'London patient' cured of HIV reveals identity for the first time

'London patient' cured of HIV reveals identity for the first time

Adam Castillejo was known until recently as the "London patient".

A man in London has become the second person to be ever cured of HIV after undergoing stem cell transplant treatment.

Two days before the conference was set to open in Boston, organizers decided to make the meeting virtual due to concerns about the coronavirus.

Now, writing in the journal Lancet HIV, researchers say that 30 months after stopping antiretroviral drugs - medications that suppress HIV - and 46 months since the transplant, Castillejo remains in remission.

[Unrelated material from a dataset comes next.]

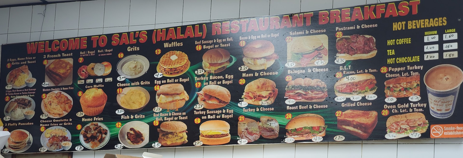 Love sal's he don't let no one else touch that grill he makes great food, especially breakfast he can take 5 different orders and make everyone right idk how he does it but he's great at it.. He has been here longer than I've been on this earth and probably hasnt been there a total of 10x if that.... Don't go there looking for no pork either another reason I love sal's

He has been HIV-free for more than a decade now.

"After 2.5 years off antiretrovirals and lack of evidence for any active virus, this nearly certainly represents cure", Gupta told the Bay Area Reporter. Adam Castillejo - the now 40-year-old "London patient" who has chose to make his identity public - has no detectable active HIV infection in blood, sperm or tissue, according to his doctors.

Castillejo first found out that he had HIV in 2003, when he was only 23 years old. He is now leading a healthy and active life. He added that he wants to be an ambassador of hope. According to the Times story, he spoke with Brown repeatedly before deciding to reveal his identity.

The donors had an uncommon gene that gives them protection from the virus. Such transplants are risky, and both Castillejo and Brown needed the transplants to treat cancer, rather than for HIV.

HIV, or the human immunodeficiency viruses, lead to AIDS over time, which in turn cause immune system failure.

The other cured HIV patient is known as the "Berlin Patient" and has been off ART therapy for 13 years with undetectable plasma HIV RNA.

In 2011, Castillejo found out that he had been diagnosed with stage 4 lymphoma. The procedure involves the transplantation of multipotent stem cells usually derived from bone marrow, peripheral blood or umbilical cord blood. But he received less aggressive chemotherapy than Brown and was able to stay on antiretroviral therapy. "Most HIV needs to attach itself to the CD4 receptor and the CD5 receptor to get into the cell and become infected", Ragonnet-Cronin tells Dazed, "but some people have a mutation in their CCR5 receptor called Delta 32, which means it's really hard for HIV to attach itself to the cell". In September 2017, with no evidence of viable HIV in his blood, he stopped his antiretrovirals in a closely monitored analytic treatment interruption. "Intestinal lymphoid tissue is an important HIV reservoir and HIV-1 DNA was negative in gut biopsy samples". T cells or macrophages that don't express CCR5 are protected from infection with strains of HIV that use that receptor.

His treatment included two rounds of stem cell transplant, as well as a total body irradiation and a chemotherapy drug regimen to target any residual HIV virus.

In an accompanying comment, Jennifer Zerbato, PhD, and Sharon Lewin, MD, PhD, both of the University of Melbourne in Australia, noted two important points: namely that the low levels of HIV DNA were found "not intact, consistent with archival fragments that can not replicate" and that based on a mathematical model, Gupta and colleagues calculated that the patient had "greater than 90% chimerism in circulating T cells", thus "the chance of future viral rebound while off ART [antiretroviral therapy] is negligible".